<<<<

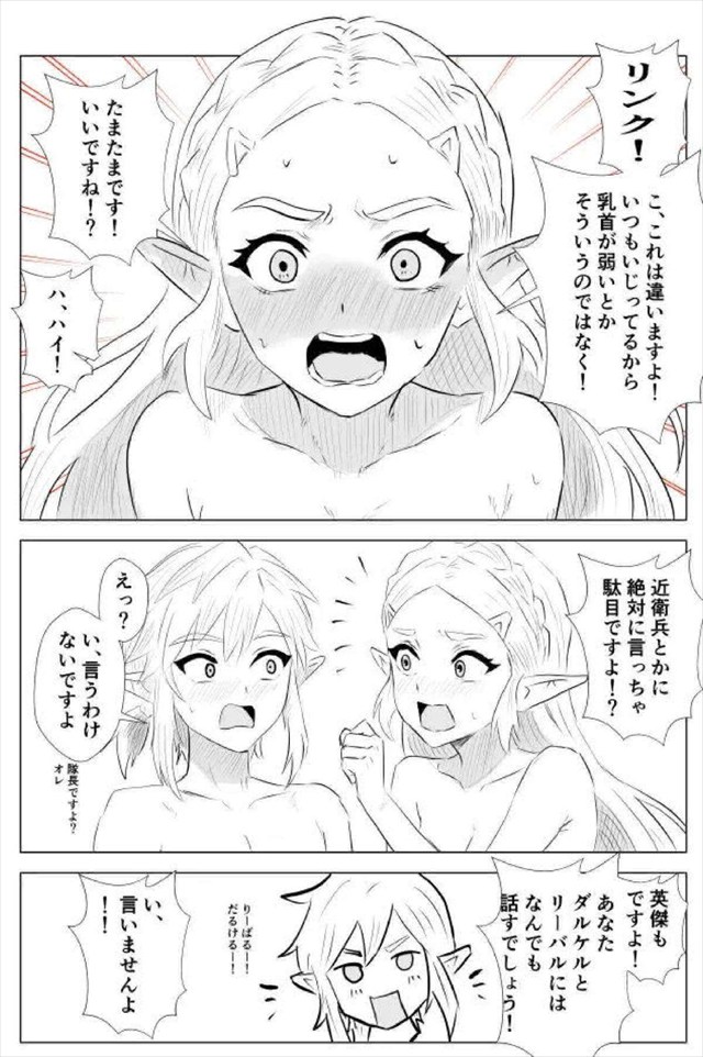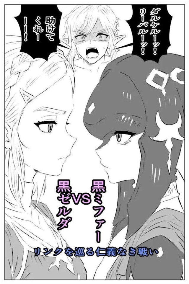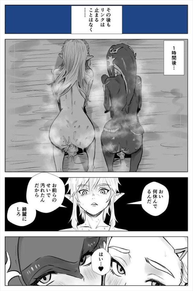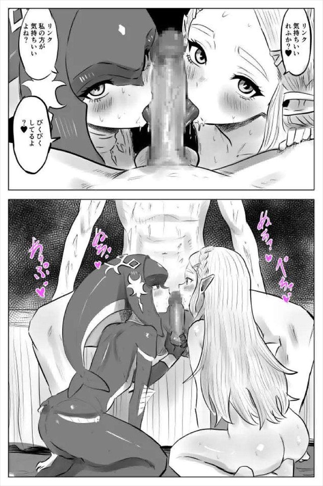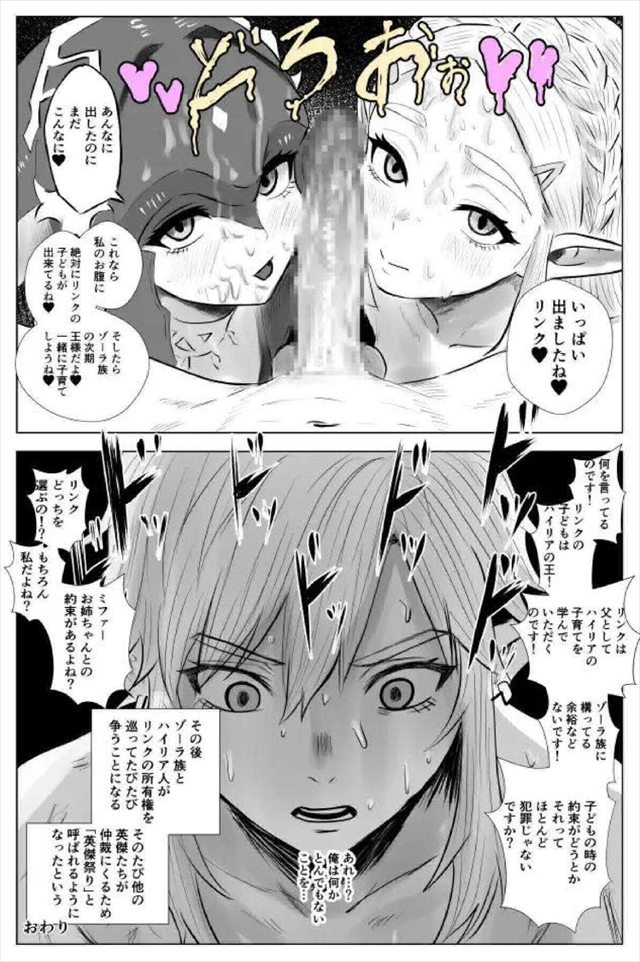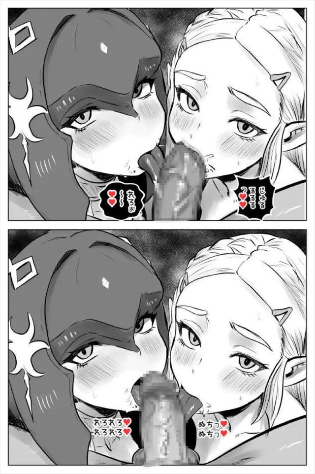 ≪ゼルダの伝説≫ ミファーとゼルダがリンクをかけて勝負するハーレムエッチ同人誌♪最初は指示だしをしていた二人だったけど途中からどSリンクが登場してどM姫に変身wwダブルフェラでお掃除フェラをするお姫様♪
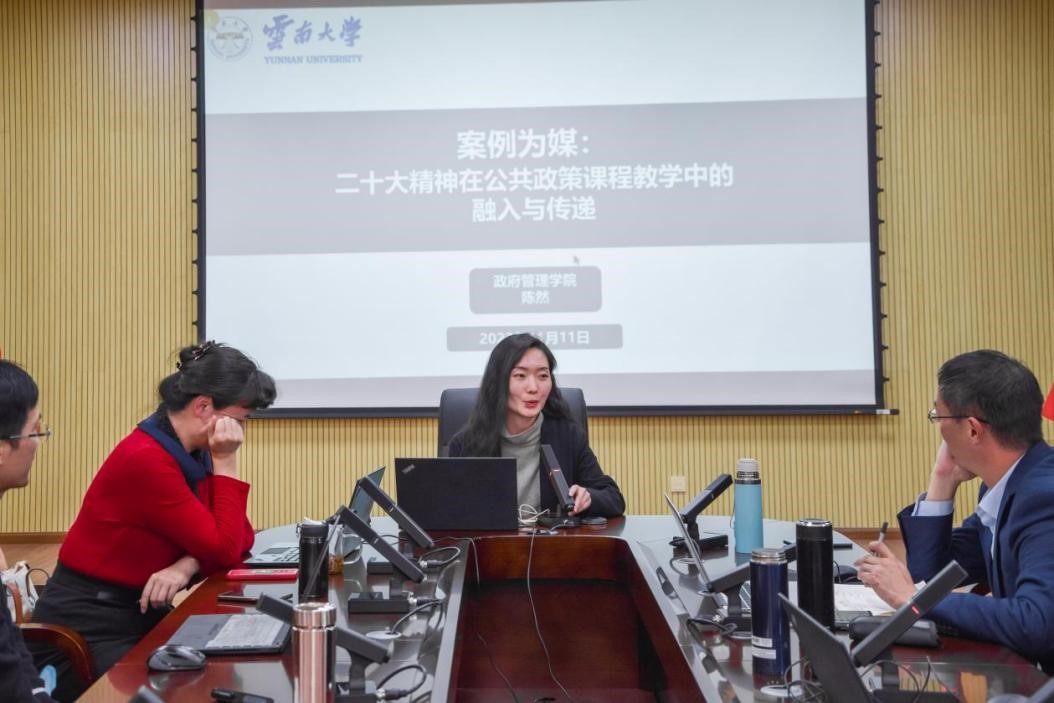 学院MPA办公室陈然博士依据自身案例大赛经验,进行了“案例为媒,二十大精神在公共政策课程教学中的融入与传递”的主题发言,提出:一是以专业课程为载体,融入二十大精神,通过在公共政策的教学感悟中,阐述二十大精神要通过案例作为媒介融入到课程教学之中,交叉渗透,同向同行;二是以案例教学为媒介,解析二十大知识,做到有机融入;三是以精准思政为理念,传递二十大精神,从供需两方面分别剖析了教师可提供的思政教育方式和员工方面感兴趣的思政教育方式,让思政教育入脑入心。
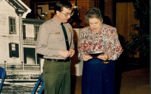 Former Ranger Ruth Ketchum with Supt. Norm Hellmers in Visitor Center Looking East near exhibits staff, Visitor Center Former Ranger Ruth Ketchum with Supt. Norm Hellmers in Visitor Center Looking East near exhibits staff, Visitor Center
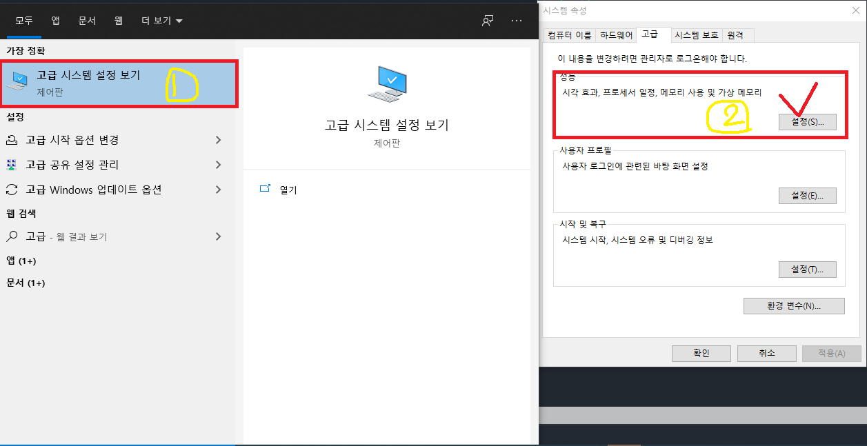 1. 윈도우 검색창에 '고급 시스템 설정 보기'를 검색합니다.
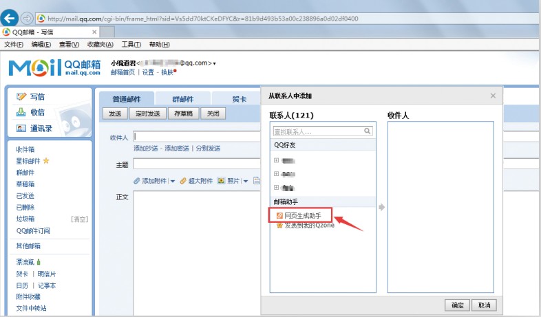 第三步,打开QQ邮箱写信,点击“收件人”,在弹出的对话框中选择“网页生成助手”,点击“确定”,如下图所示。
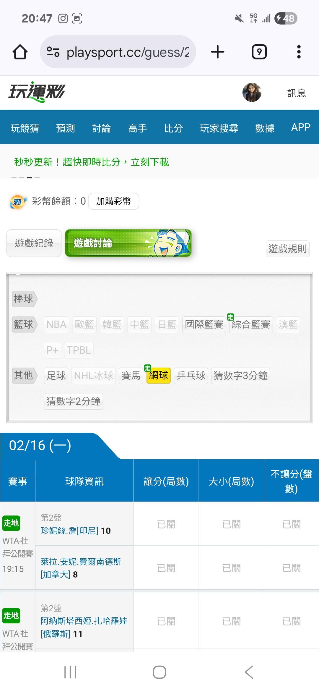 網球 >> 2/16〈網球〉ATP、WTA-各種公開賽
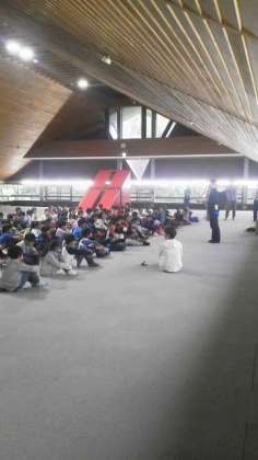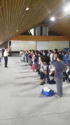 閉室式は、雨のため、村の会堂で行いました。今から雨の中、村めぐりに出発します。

>>>>

§ **Exercise details**
The lines from the one containing "網球 >> 2/16〈網球〉ATP、WTA-各種公開賽" to the final line of the material, both ends included, should be retyped exactly and alone, with no pictures.

§ **Answer section**
 網球 >> 2/16〈網球〉ATP、WTA-各種公開賽
 閉室式は、雨のため、村の会堂で行いました。今から雨の中、村めぐりに出発します。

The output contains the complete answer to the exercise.